╭─ EXTRACTED MATERIAL
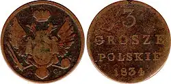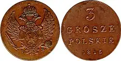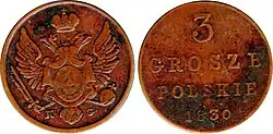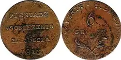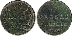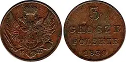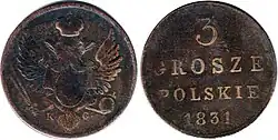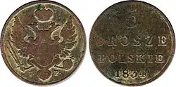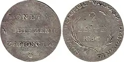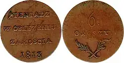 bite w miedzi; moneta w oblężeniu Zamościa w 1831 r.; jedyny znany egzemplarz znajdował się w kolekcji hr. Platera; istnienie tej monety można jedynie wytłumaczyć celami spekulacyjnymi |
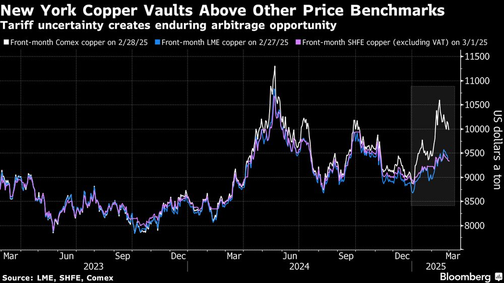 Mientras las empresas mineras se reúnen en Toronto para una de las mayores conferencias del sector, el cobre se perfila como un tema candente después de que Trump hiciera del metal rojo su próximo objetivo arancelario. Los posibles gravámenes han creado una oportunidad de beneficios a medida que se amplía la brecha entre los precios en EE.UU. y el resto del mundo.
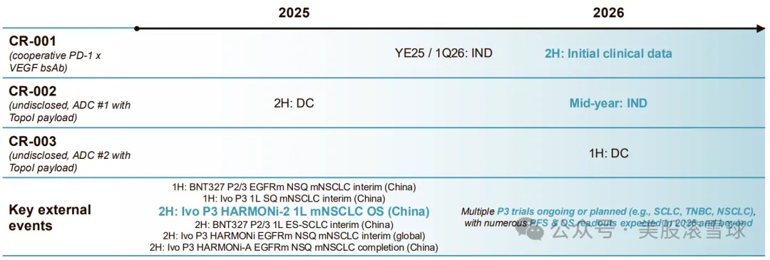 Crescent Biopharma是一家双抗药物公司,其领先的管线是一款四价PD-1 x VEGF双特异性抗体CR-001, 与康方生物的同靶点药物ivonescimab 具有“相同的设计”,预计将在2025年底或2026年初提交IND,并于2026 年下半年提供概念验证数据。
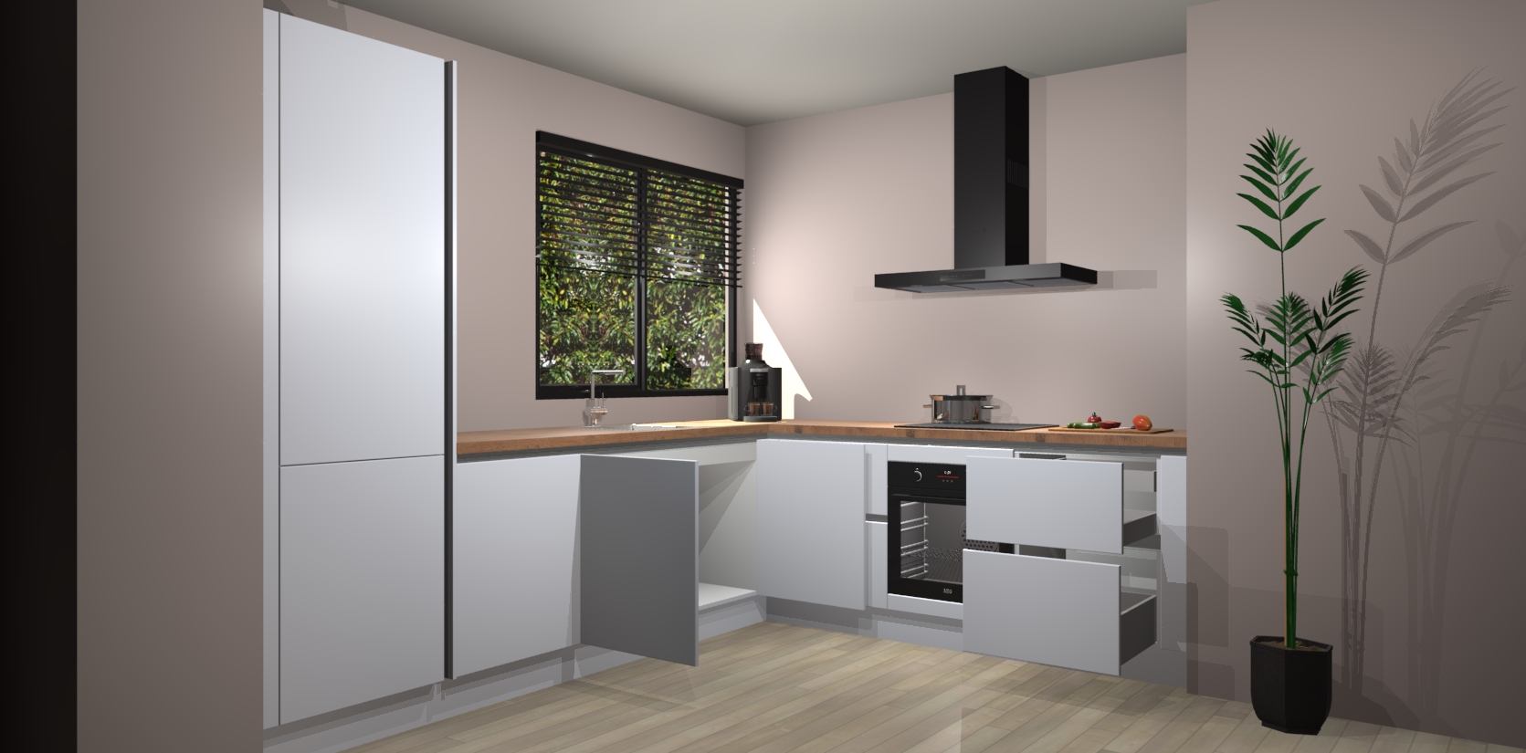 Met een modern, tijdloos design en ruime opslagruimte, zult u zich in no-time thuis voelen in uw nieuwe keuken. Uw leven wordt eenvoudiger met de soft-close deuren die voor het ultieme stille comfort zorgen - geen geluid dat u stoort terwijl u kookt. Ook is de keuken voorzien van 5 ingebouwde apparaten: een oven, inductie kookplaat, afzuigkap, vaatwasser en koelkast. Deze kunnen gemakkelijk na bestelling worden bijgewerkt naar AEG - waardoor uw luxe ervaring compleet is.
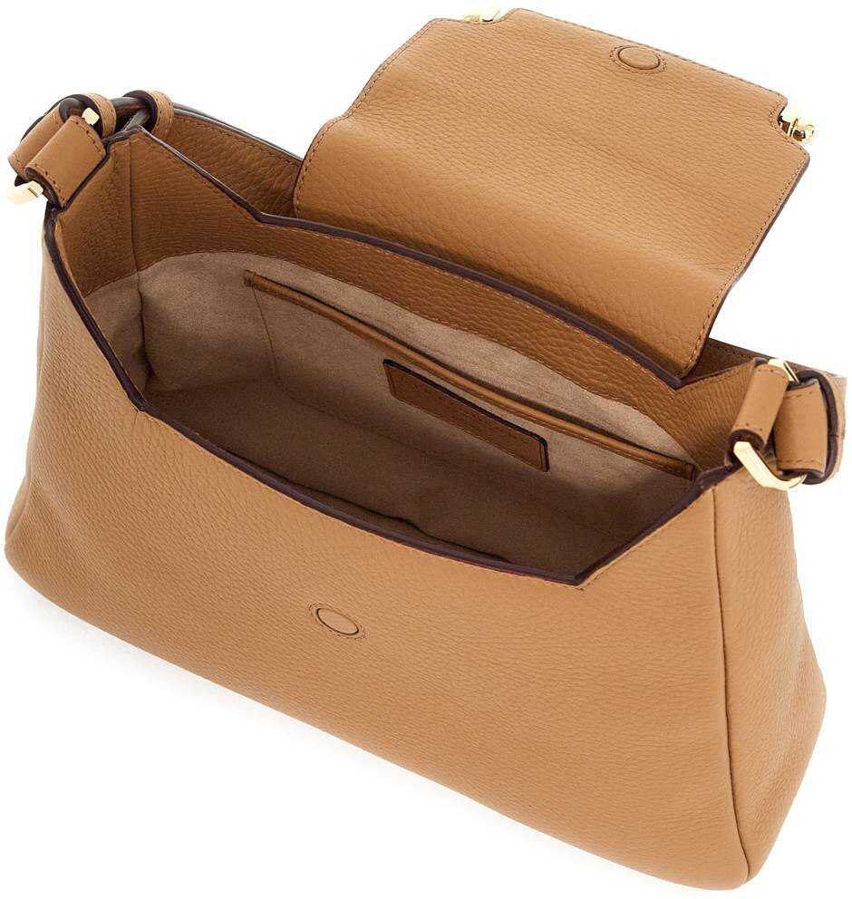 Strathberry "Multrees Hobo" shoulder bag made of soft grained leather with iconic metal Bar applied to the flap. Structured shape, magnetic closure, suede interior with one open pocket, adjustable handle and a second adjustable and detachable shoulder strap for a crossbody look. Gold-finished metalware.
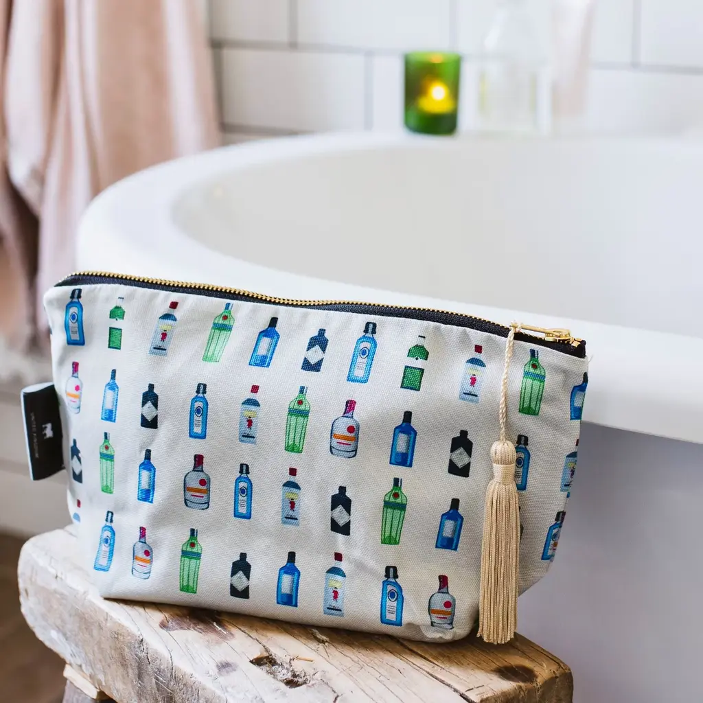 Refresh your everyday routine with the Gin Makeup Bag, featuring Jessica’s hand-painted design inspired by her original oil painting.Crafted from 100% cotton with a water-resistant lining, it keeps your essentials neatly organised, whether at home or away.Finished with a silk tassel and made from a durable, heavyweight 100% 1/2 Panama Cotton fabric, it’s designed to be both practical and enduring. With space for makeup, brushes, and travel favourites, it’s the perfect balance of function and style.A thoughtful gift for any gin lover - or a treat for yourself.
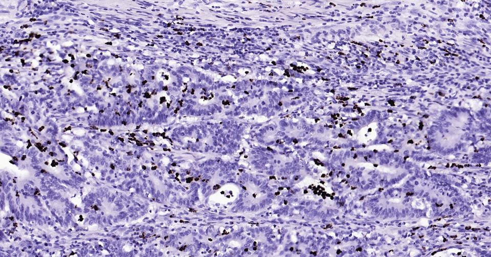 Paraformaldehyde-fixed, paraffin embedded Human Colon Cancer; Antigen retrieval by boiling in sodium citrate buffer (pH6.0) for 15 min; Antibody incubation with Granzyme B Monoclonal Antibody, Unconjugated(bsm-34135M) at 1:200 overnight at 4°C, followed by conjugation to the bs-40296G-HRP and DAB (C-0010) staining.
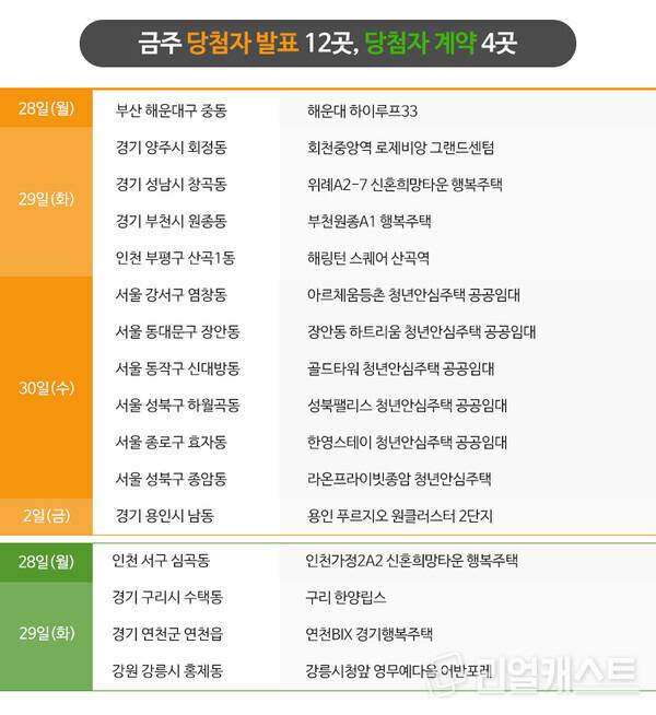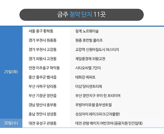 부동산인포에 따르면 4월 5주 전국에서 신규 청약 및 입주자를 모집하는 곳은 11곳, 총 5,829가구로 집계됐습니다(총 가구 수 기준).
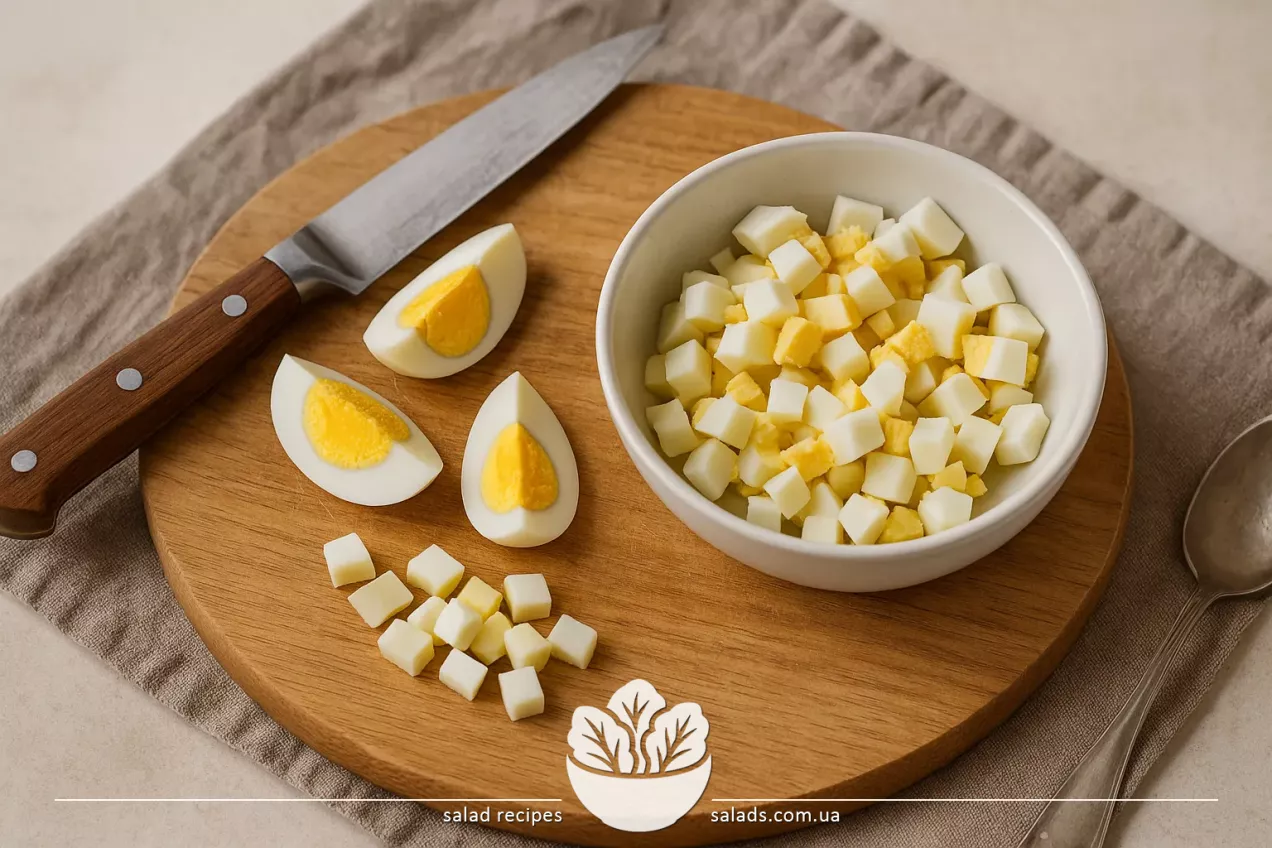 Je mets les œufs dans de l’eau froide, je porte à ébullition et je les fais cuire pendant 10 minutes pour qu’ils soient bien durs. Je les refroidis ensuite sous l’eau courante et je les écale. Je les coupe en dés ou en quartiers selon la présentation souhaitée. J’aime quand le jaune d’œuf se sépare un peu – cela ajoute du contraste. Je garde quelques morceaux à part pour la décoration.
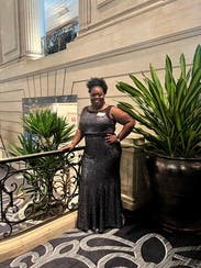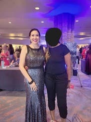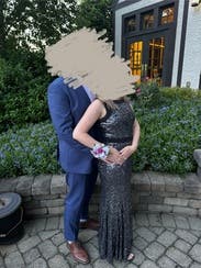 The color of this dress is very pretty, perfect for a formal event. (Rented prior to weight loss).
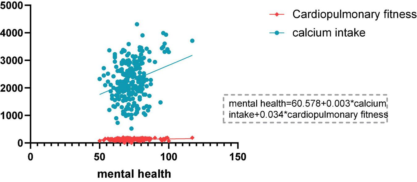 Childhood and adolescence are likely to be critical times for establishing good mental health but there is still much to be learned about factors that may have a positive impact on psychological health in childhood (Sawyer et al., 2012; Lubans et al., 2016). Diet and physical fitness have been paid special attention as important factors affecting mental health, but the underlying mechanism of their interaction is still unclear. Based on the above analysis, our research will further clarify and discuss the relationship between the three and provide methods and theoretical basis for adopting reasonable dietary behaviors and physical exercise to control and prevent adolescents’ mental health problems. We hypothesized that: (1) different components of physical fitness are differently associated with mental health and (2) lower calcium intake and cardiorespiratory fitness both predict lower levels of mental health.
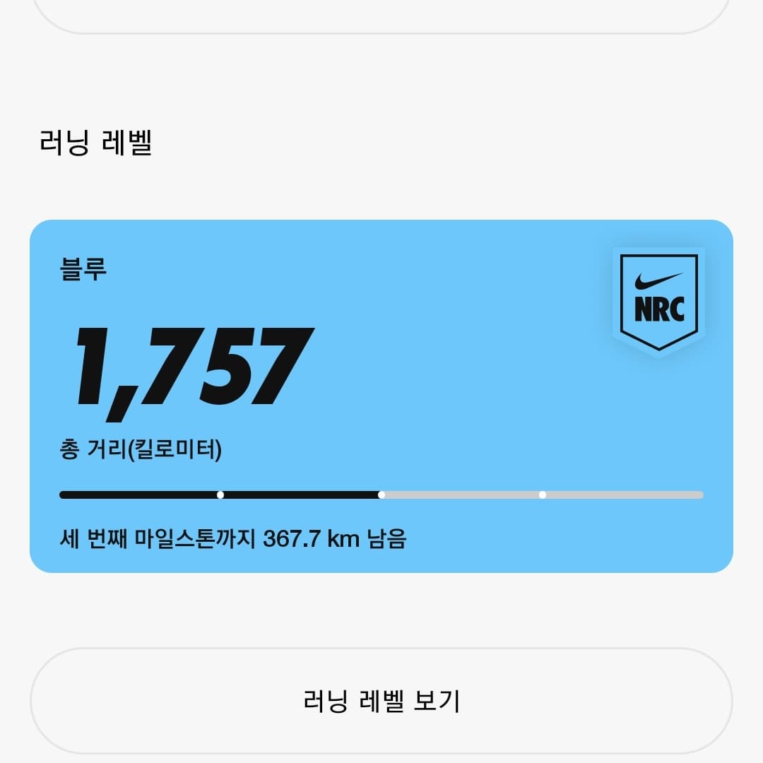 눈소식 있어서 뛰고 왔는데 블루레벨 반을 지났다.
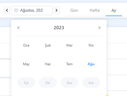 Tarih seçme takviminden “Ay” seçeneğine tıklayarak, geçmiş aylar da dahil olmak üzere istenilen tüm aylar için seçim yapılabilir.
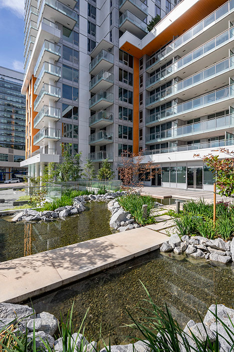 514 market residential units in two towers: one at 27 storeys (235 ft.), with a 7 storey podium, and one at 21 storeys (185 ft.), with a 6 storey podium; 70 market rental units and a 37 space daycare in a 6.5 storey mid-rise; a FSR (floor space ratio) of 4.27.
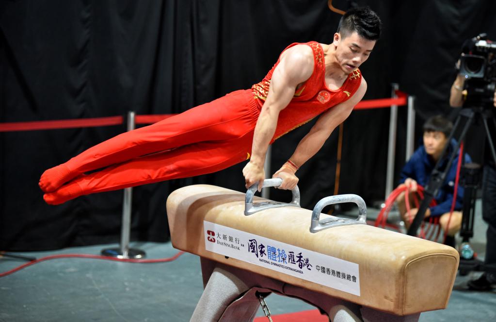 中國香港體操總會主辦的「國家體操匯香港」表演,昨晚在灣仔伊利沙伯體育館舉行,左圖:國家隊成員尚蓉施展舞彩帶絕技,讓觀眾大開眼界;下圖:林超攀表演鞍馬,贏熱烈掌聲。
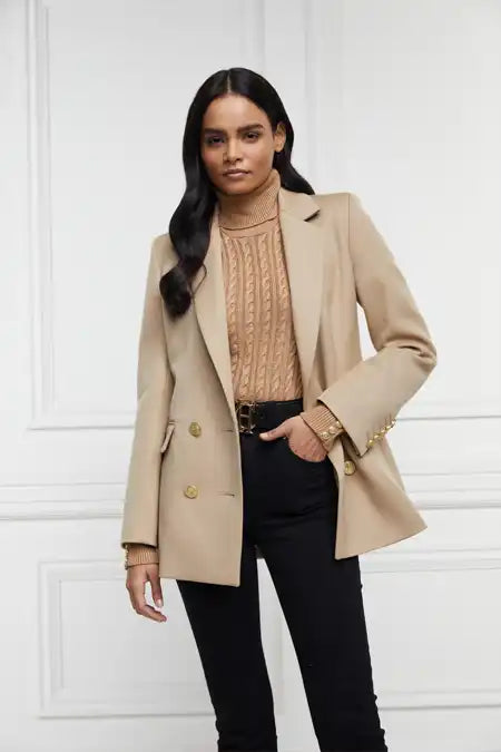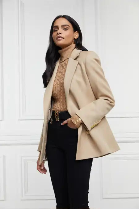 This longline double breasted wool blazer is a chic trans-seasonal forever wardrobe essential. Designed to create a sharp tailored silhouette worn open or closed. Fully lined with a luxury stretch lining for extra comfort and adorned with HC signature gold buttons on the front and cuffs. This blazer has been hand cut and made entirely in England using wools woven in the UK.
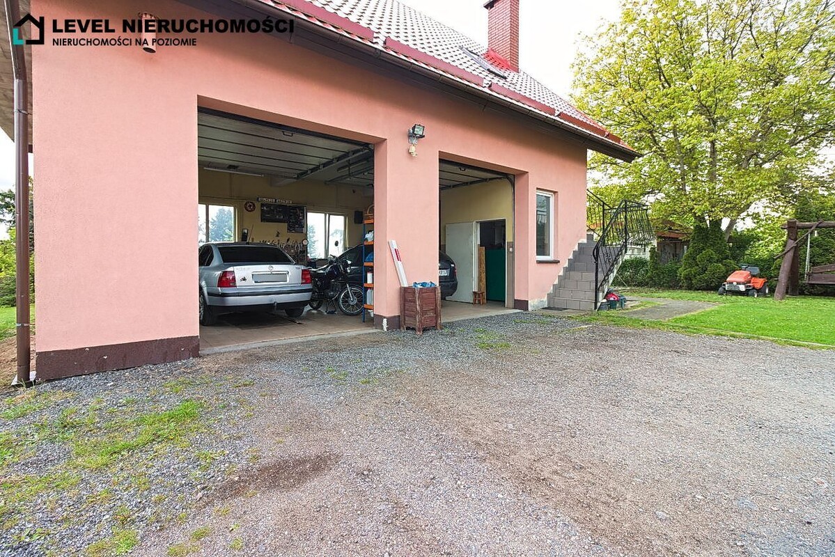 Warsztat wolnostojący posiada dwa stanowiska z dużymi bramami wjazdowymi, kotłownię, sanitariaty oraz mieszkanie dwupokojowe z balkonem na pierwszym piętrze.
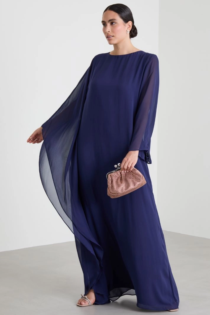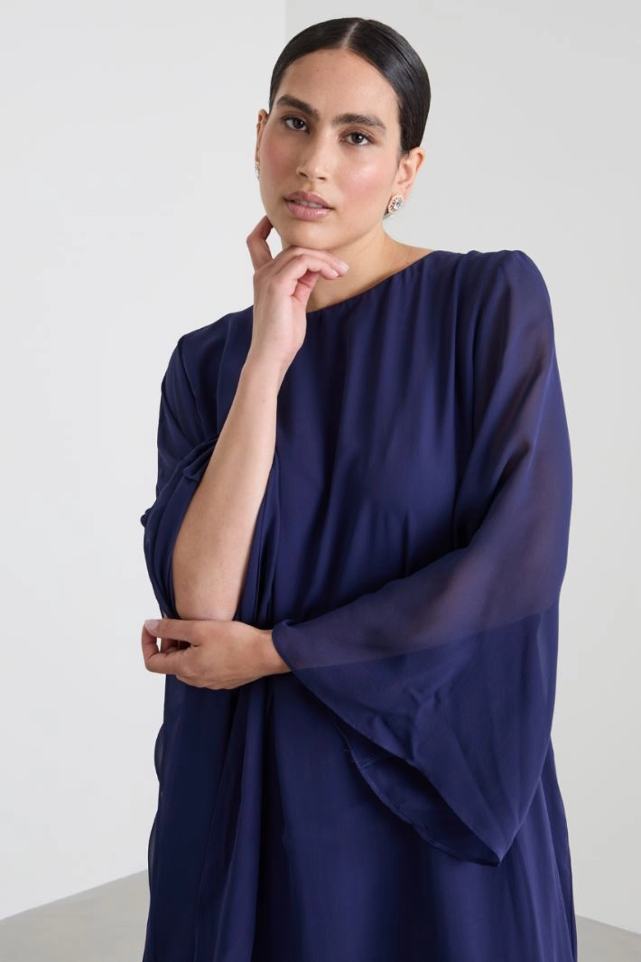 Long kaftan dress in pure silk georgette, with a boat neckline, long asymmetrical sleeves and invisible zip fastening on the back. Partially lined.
╰─
**PROBLEM:** Only the text of the records belongs in the answer; reproduce it verbatim, with no pictures.

**YOUR RESPONSE:**
 bite w miedzi; moneta w oblężeniu Zamościa w 1831 r.; jedyny znany egzemplarz znajdował się w kolekcji hr. Platera; istnienie tej monety można jedynie wytłumaczyć celami spekulacyjnymi |
 Mientras las empresas mineras se reúnen en Toronto para una de las mayores conferencias del sector, el cobre se perfila como un tema candente después de que Trump hiciera del metal rojo su próximo objetivo arancelario. Los posibles gravámenes han creado una oportunidad de beneficios a medida que se amplía la brecha entre los precios en EE.UU. y el resto del mundo.
 Crescent Biopharma是一家双抗药物公司,其领先的管线是一款四价PD-1 x VEGF双特异性抗体CR-001, 与康方生物的同靶点药物ivonescimab 具有“相同的设计”,预计将在2025年底或2026年初提交IND,并于2026 年下半年提供概念验证数据。
 Met een modern, tijdloos design en ruime opslagruimte, zult u zich in no-time thuis voelen in uw nieuwe keuken. Uw leven wordt eenvoudiger met de soft-close deuren die voor het ultieme stille comfort zorgen - geen geluid dat u stoort terwijl u kookt. Ook is de keuken voorzien van 5 ingebouwde apparaten: een oven, inductie kookplaat, afzuigkap, vaatwasser en koelkast. Deze kunnen gemakkelijk na bestelling worden bijgewerkt naar AEG - waardoor uw luxe ervaring compleet is.
 Strathberry "Multrees Hobo" shoulder bag made of soft grained leather with iconic metal Bar applied to the flap. Structured shape, magnetic closure, suede interior with one open pocket, adjustable handle and a second adjustable and detachable shoulder strap for a crossbody look. Gold-finished metalware.
 Refresh your everyday routine with the Gin Makeup Bag, featuring Jessica’s hand-painted design inspired by her original oil painting.Crafted from 100% cotton with a water-resistant lining, it keeps your essentials neatly organised, whether at home or away.Finished with a silk tassel and made from a durable, heavyweight 100% 1/2 Panama Cotton fabric, it’s designed to be both practical and enduring. With space for makeup, brushes, and travel favourites, it’s the perfect balance of function and style.A thoughtful gift for any gin lover - or a treat for yourself.
 Paraformaldehyde-fixed, paraffin embedded Human Colon Cancer; Antigen retrieval by boiling in sodium citrate buffer (pH6.0) for 15 min; Antibody incubation with Granzyme B Monoclonal Antibody, Unconjugated(bsm-34135M) at 1:200 overnight at 4°C, followed by conjugation to the bs-40296G-HRP and DAB (C-0010) staining.
 부동산인포에 따르면 4월 5주 전국에서 신규 청약 및 입주자를 모집하는 곳은 11곳, 총 5,829가구로 집계됐습니다(총 가구 수 기준).
 Je mets les œufs dans de l’eau froide, je porte à ébullition et je les fais cuire pendant 10 minutes pour qu’ils soient bien durs. Je les refroidis ensuite sous l’eau courante et je les écale. Je les coupe en dés ou en quartiers selon la présentation souhaitée. J’aime quand le jaune d’œuf se sépare un peu – cela ajoute du contraste. Je garde quelques morceaux à part pour la décoration.
 The color of this dress is very pretty, perfect for a formal event. (Rented prior to weight loss).
 Childhood and adolescence are likely to be critical times for establishing good mental health but there is still much to be learned about factors that may have a positive impact on psychological health in childhood (Sawyer et al., 2012; Lubans et al., 2016). Diet and physical fitness have been paid special attention as important factors affecting mental health, but the underlying mechanism of their interaction is still unclear. Based on the above analysis, our research will further clarify and discuss the relationship between the three and provide methods and theoretical basis for adopting reasonable dietary behaviors and physical exercise to control and prevent adolescents’ mental health problems. We hypothesized that: (1) different components of physical fitness are differently associated with mental health and (2) lower calcium intake and cardiorespiratory fitness both predict lower levels of mental health.
 눈소식 있어서 뛰고 왔는데 블루레벨 반을 지났다.
 Tarih seçme takviminden “Ay” seçeneğine tıklayarak, geçmiş aylar da dahil olmak üzere istenilen tüm aylar için seçim yapılabilir.
 514 market residential units in two towers: one at 27 storeys (235 ft.), with a 7 storey podium, and one at 21 storeys (185 ft.), with a 6 storey podium; 70 market rental units and a 37 space daycare in a 6.5 storey mid-rise; a FSR (floor space ratio) of 4.27.
 中國香港體操總會主辦的「國家體操匯香港」表演,昨晚在灣仔伊利沙伯體育館舉行,左圖:國家隊成員尚蓉施展舞彩帶絕技,讓觀眾大開眼界;下圖:林超攀表演鞍馬,贏熱烈掌聲。
 This longline double breasted wool blazer is a chic trans-seasonal forever wardrobe essential. Designed to create a sharp tailored silhouette worn open or closed. Fully lined with a luxury stretch lining for extra comfort and adorned with HC signature gold buttons on the front and cuffs. This blazer has been hand cut and made entirely in England using wools woven in the UK.
 Warsztat wolnostojący posiada dwa stanowiska z dużymi bramami wjazdowymi, kotłownię, sanitariaty oraz mieszkanie dwupokojowe z balkonem na pierwszym piętrze.
 Long kaftan dress in pure silk georgette, with a boat neckline, long asymmetrical sleeves and invisible zip fastening on the back. Partially lined.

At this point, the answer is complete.